Si chiude con questo post la serie di post di Francesco Nigro al FOSDEM di Bruxelles.
Il FOSDEM si è concluso ed è giunto quindi il momento di fare il bilancio di questa esperienza.
L’evento è senz’altro molto interessante e lo consiglio a tutti, che siate smanettoni, sviluppatori o semplici appassionati del mondo del FLOSS. La manifestazione è nata per gli sviluppatori, ovviamente, e si è data priorità a loro per quello che riguarda il taglio degli interventi. Anche chi non scrive codice può però tornarne arricchito, è un’occasione per imparare cose nuove, informarsi sugli ultimi trend, conoscere le facce dietro ai progetti più popolari ed incontrare i protagonisti di questo mondo.
Gli interventi sono stati divisi in tre “categorie”. Main track: interventi classici di circa un’ora di durata; Devrooms: varie salette dedicate ad un particolare tema con vari talk. In quella KDE si sono tenuti 8 talk su diversi progetti tra cui Amarok, QtDesigner, KDevelop ed altri. Lightning talk: una infinità di brevissimi interventi, 15/20 minuti, su un argomento specifico.
Il livello degli interventi è stato in generale molto buono anche se non sempre i relatori sono stati coinvolgenti (avete letto il mio articolo su Brooks, no?) ma questo è il rischio che c’è sempre nelle conferenze tecniche; sapere non vuol dire saper insegnare…
Il calendario è stato denso di attività, non c’è il rischio di annoiarsi, il rischio semmai è il contrario! Ci sono quasi 300 talk in due giorni ed è veramente impossibile seguire tutte le cose interesssanti. Farlo durare uno o due giorni in più non sarebbe affatto una cattiva idea.

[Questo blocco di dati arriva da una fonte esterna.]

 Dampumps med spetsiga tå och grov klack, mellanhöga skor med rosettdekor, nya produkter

Al FOSDEM si incontrano persone di tutti i tipi e tutti sono molto disponibili e cordiali, indipendentemente dal ruolo che ricoprono; si ha veramenete la possibilità di “testare il polso” della communità. Fare amicizia e trovare altre persone con la vostra stessa passione è facile e, senza neanche accorgervene, potreste trovarvi a cena con Miguel de Icaza (ma questa è un’altra storia, forse ve la racconterò più avanti…).

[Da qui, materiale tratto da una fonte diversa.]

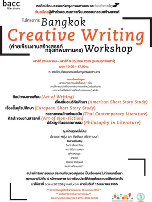มีกิจกรรมดีๆ เพื่อคนมีฝันอยากเป็น “นักเขียน” เกิดขึ้นอีกแล้วจ้ะ น้องๆ ชาว Dek-D.com เมื่อหอศิลปวัฒนธรรมแห่งกรุงเทพมหานคร และ bookmoby ได้เปิดรับสมัครผู้เข้าร่วมอบรมการเขียนวรรณกรรมสร้างสรรค์ในโครงการ Bangkok Creative Writing Workshop (ค่ายเขียนงานสร้างสรรค์กรุงเทพมหานคร) งานนี้ขอบอกว่าฟรี!! ไม่เสียค่าใช้จ่ายในการเข้าอบรม

La sede non è eccezionale ma comunque all’altezza; le aule dove si sono svolte le presentazioni erano in generale buone (si svolge dentro la Libera Università di Bruxelles…), tranne un paio dove si faticava a vedere le slide. Buona l’attrezzatura e tutto il resto. L’organizzazione si è confermata impeccabile durante tutta la manifestazione, davvero i miei complimenti agli organizzatori.
Ci sono tuttavia ancora margini di miglioramento, in particolare per quello che riguarda gli spazi “liberi”. Purtoppo non c’è molto spazio a disposizione dei partecipanti, c’è giusto la hacker room in cui si ha la possiblità di prendere una pausa. Anche il tempo libero è risicato, alle 19 l’area viene chiusa e si ha giusto il tempo di seguire l’ultimo talk ed uscire. L’ultimo giorno quando siamo usciti dal talk di chiusura l’area stand era già stata smantellata. Avere un po’ di tempo per rilassarsi, girare per gli stand e oziare in maniera costruttiva sarebbe stato molto gradito, speriamo che migliori il prossimo anno.
L’area stand era un po’ sacrificata rilegata lungo i corridoi dell’università, ma comunque molto ricca. Erano presenti tutte le maggiori distro e i progetti più importanti come KDE, Gnome, Mozilla, la fsf e tanti altri.
Ed infine la nota dolente, il costo…
Ci siete cascati? Allora non siete stati attenti! Il FOSDEM è assolutamente gratis. Vi consiglio almeno la donazione minima di 25 euro ma, se non volete farla, l’accesso è completamente gratuito e nessuno ve ne farà una colpa. Con la donazione si riceve anche in regalo la maglietta della manifestazione (vi permette di guadagnare punti esperienza nerd e acquisire un migliore status sociale alla prossima conferenza) e il diritto di partecipare alla lotteria per vincere uno dei tre N900 in palio.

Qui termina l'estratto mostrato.